A different approach to blocking bad webbots by IP address

Obligatory Sidebar Links

* Complaints
* * Please stop externalizing your costs directly into my face [1] (Hacker
News [2])
* * LLM (Large Language Model) crawlers continue to DDoS SourceHut [3]
(Lobsters [4])
* * FOSS infrastructure is under attack by AI companies [5] (Hacker News [6])

* Solutions
* * Anubis: self hostable scraper defense software [7] (Lobsters [8] and
Hacker News [9])
* * Trapping misbehaving bots in an AI Labyrinth [10] (Lobsters [11])
* * GitHub - sequentialread/pow-bot-deterrent: A proof-of-work based bot
deterrent. Lightweight, self-hosted and copyleft licensed [12] (Lobsters
[13])

Web crawlers for LLM-based companies, as well as some specific solutions to
blocking them, have been making the rounds in the past few days. I was
curious to see just how many were hitting my web site, so I ran a few queries
over the log files. To ensure consistent results, I decided to query the log
file for last month:

Table: Quick summary of results for February 2025
total requests 468439
unique IP (Internet Protocol)s 24654

Table: Top 10 requests per IP
IP Requests
------------------------------
4.231.104.62 43242
198.100.155.33 26650
66.55.200.246 9057
74.80.208.170 8631
74.80.208.59 8407
216.244.66.239 5998
4.227.36.126 5832
20.171.207.130 5817
8.29.198.26 4946
8.29.198.25 4807

(Note: I'm not concerned about protecting any privacy here—given the number
of results, there is no way these are any individual. These are all companies
hitting my site, and if companies are mining their data for my information,
I'm going to do the same to them. So there.)

But it became apparent that it's hard to determine which requests are coming
from a single entity—it's clear that a company can employ a large pool of IP
addresses to crawl the web, and it's hard to figure out what IPs are under
control of which company.

Or is it?

An idea suddenly hit me—a stray thought from the days when I was wearing a
network admin hat [14] I recalled that BGP (Border Gateway Protocol) routing
basically knows the network boundaries for networks as it's based on policy
routing via ASN (Autonomous System Number)s. I wonder if I could map IP
addresses to ASNs?
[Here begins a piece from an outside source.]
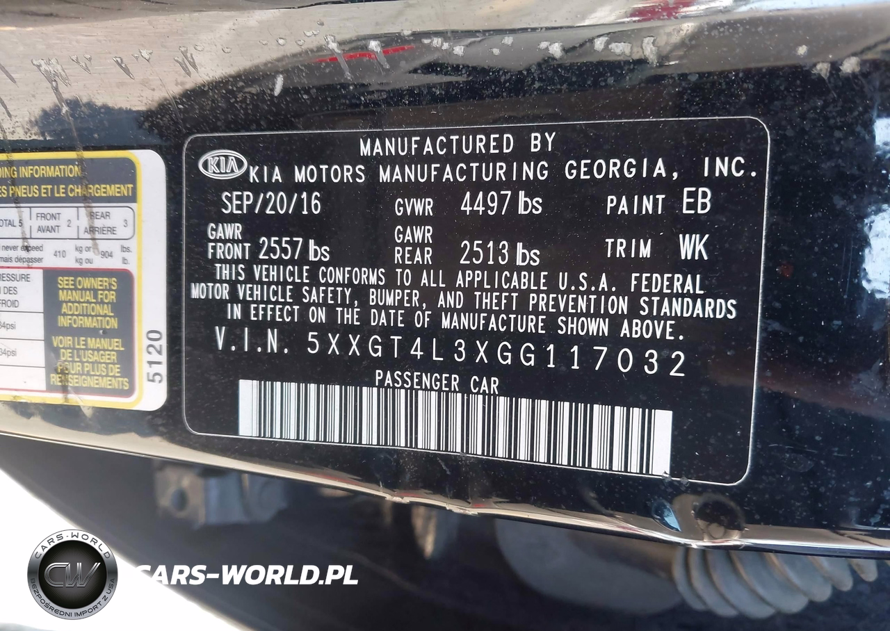 IAAI Nr: I-44796176 VIN: 5XXGT4L3XGG117032 Port: Los Angeles, CA

A quick search and I found my answer—yes! [15] Within a
few minutes, I had converted a list of 24,654 unique IP addresses to 1,490
unique networks, I was then able to rework my initial query to include the
ASN (or rather, the human readable version instead of just the number):

Table: Requests per IP/ASN
IP Requests AS (Autonomous System)
------------------------------
4.231.104.62 43242 MICROSOFT-CORP-MSN-AS-BLOCK, US
198.100.155.33 26650 OVH, FR
66.55.200.246 9057 BIDDEFORD1, US
74.80.208.170 8631 CSTL, US
74.80.208.59 8407 CSTL, US
216.244.66.239 5998 WOW, US
4.227.36.126 5832 MICROSOFT-CORP-MSN-AS-BLOCK, US
20.171.207.130 5817 MICROSOFT-CORP-MSN-AS-BLOCK, US
8.29.198.26 4946 FEEDLY-DEVHD, US
8.29.198.25 4807 FEEDLY-DEVHD, US

Now, I was curious as to how they identified themselves, so I reran the query
to include the user agent string. The top eight identified themselves
consistently:

Table: Requests per Agent
Agent Requests
------------------------------
Go-http-client/2.0 43236
Mozilla/5.0 (X11; Linux x86_64) AppleWebKit/537.36 (KHTML, like Gecko) HeadlessChrome/132.0.0.0 Safari/537.36 26650
WF search/Nutch-1.12 9057
Mozilla/5.0 (compatible; ImagesiftBot; +imagesift.com) 8631
Mozilla/5.0 (compatible; ImagesiftBot; +imagesift.com) 8407
Mozilla/5.0 (compatible; DotBot/1.2; +https://opensiteexplorer.org/dotbot; [email protected]) 5998
Mozilla/5.0 AppleWebKit/537.36 (KHTML, like Gecko; compatible; GPTBot/1.2; +https://openai.com/gptbot) 5832
Mozilla/5.0 AppleWebKit/537.36 (KHTML, like Gecko; compatible; GPTBot/1.2; +https://openai.com/gptbot) 5817

The last two, however had a changing user agent string:

Table: Identifiers for 8.29.198.26
Agent Requests
------------------------------
Feedly/1.0 (+https://feedly.com/poller.html; 16 subscribers; ) 1667
Feedly/1.0 (+https://feedly.com/poller.html; 6 subscribers; ) 1419
Feedly/1.0 (+http://www.feedly.com/fetcher.html; 6 subscribers; ) 938
Feedly/1.0 (+http://www.feedly.com/fetcher.html; 16 subscribers; ) 811
Feedly/1.0 (+http://www.feedly.com/fetcher.html; 8 subscribers; ) 94
Feedly/1.0 (+http://www.feedly.com/fetcher.html; 37 subscribers; ) 17

Table: Identifiers for 8.29.198.25
Agent Requests
------------------------------
Feedly/1.0 (+https://feedly.com/poller.html; 16 subscribers; ) 1579
Feedly/1.0 (+https://feedly.com/poller.html; 6 subscribers; ) 1481
Feedly/1.0 (+http://www.feedly.com/fetcher.html; 6 subscribers; ) 905
Feedly/1.0 (+http://www.feedly.com/fetcher.html; 16 subscribers; ) 741
Feedly/1.0 (+http://www.feedly.com/fetcher.html; 8 subscribers; ) 90
Feedly/1.0 (+http://www.feedly.com/fetcher.html; 37 subscribers; ) 11

I'm not sure what the difference is between polling and fetching (checking
the URLs shows two identical pages, only differing in “Poller” and “Fetcher.”
But looking deeper into that is for another post [16].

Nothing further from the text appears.